Effect of hyaluronidase and PEG chain conjugation on the biologic and antitumor activity of RNase A

Abstract

Subcutaneous application of bovine RNase A conjugated to HYase (bovine hyaluronidase), polyethylene glycol (PEG) and HYase+PEG resulted in a marked reduction of the width of the spermatogenic layers of the mouse testes. The number of sperms in caput epididymidis was significantly decreased in mice injected with conjugated RNase A. There was not any significant embryotoxic effect of free RNase A even conjugated with HYse, PEG and HYse+PEG. The immunogenicity, expressed in production of antibodies against free RNase A or conjugates with PEG, was very low. However, the immunogenic action of this enzyme conjugated only to HYase was much higher and produced the same immunogenicity as HYase itself. The immunogenic effect of RNase A+HYase conjugate decreased when PEG was joined to this conjugate. The inhibitory effect of RNase A conjugated to HYase, PEG and HYase+PEG on human ML-2 cells studied in vitro, was practically ineffective. On the other side, when RNase A conjugated to HYase or PEG was administered intraperitoneally into the mice bearing human melanoma, the antitumor effect was pronounced.

Introduction

Various biological aspects of bovine pancreatic ribonuclease (RNase A) has been intensively studied for many years [7], [29]. Some antitumor effect of this enzyme was found shortly after its isolation [19]. However, the inhibition of its antitumor and other biological activities by ribonuclease inhibitor (RI) in cytosol was the main reason for the low cytotoxic activity of this RNase. From this reason, an attention of scientists in the last years was focussed on the mutation of recombinant RNase A, human pancreatic RNase (HPRNase), and on efforts to block the binding of RI to this molecule. Beside producing a simple mutation in the synthetic gene of RNase A [20] the conjugation of this monomeric ribonuclease with transferrin, poly [N-(2 hydroxypropyl) methacrylamide] or polyethylen glycol (PEG) seems to help to solve this relevant problem [25], [32], [36], [38].
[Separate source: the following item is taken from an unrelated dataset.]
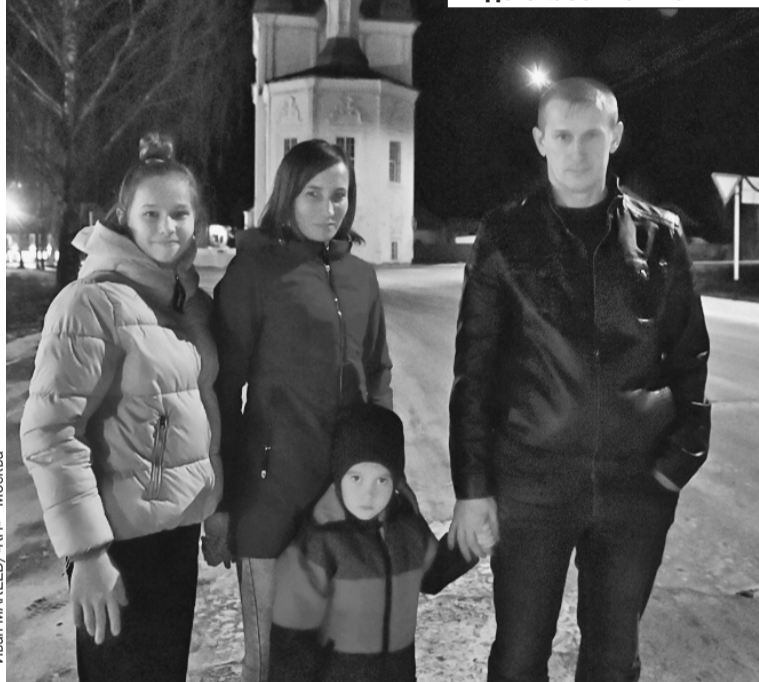
Иван МАКЕЕВ/«КП» - Москва

Василий с женой и двумя детьми не испугался среди ночи подобрать на трассе экспедицию «КП». Он и довез нас до сказочной Тотьмы.

The effects of bovine even ovine testicle hyaluronidase (HYase), a matrix-degrading enzyme, were studied in the last years in extracts from various primary tumors and regional metastases [2]. They were also used as additives to induction chemotherapy and enhancement of the permeation of chemotherapeutics into tumor tissue with a matrix rich on hayluronic acid [1], [17], [18], [28] or hyaluronan synthase [12]. The further positive effect of HYase to tumors has been directed to use this enzyme as chemosensitizer, which acts as antiadhesive agent rendering solid resistant tumors more susceptible to conventional therapeutic drugs [34]. Notably, hyaluronidase increases tumor necrosis factor (TNF) sensitivity in several types of cancer cells, counteracts transforming growth factor beta (TGF-beta), mediated TNF-resistance and suppresses TGF-beta 1 gene expression in L 929 cells which are enable to resist TNF killing [5]. The possibility to modulate the expression of CD 44 (transmembrane glycoproteins) expressed on a wide variety of cells, including cancer cells, by HYase seems to be also positive for the prevention of tumor growth [13], [30], [35], [40], [30], [13].

It is also demonstrated that the membrane-associated HYase can act in vivo, and that hyaluronan, which is synthesized by the tumor stroma, can be made soluble and reduced to a smaller size by tumor cells before being internalized and further digested [8]. HYase is well tolerated by the test animals [33]. In a prospective pilot study, patients with advanced inoperable squamous cell carcinoma of the head and neck were treated with polychemotherapy and hyaluronidase combined with radiation therapy. The published results suggested that combined therapy with vindesine, cisplatin, HYase, and radiation were highly effective against this squamous cell cancer [17].

Even though some negative experiments showed that elevated HYase levels correlate with tumor metastasis and angiogenesis [9], [21], [22], [23], [39] we conjugated bovine HYase to RNase A. Beside this conjugate we joined to the RNase+HYase complex the PEG chain polymer yet. These two RNase polymerized conjugates were studied biologically.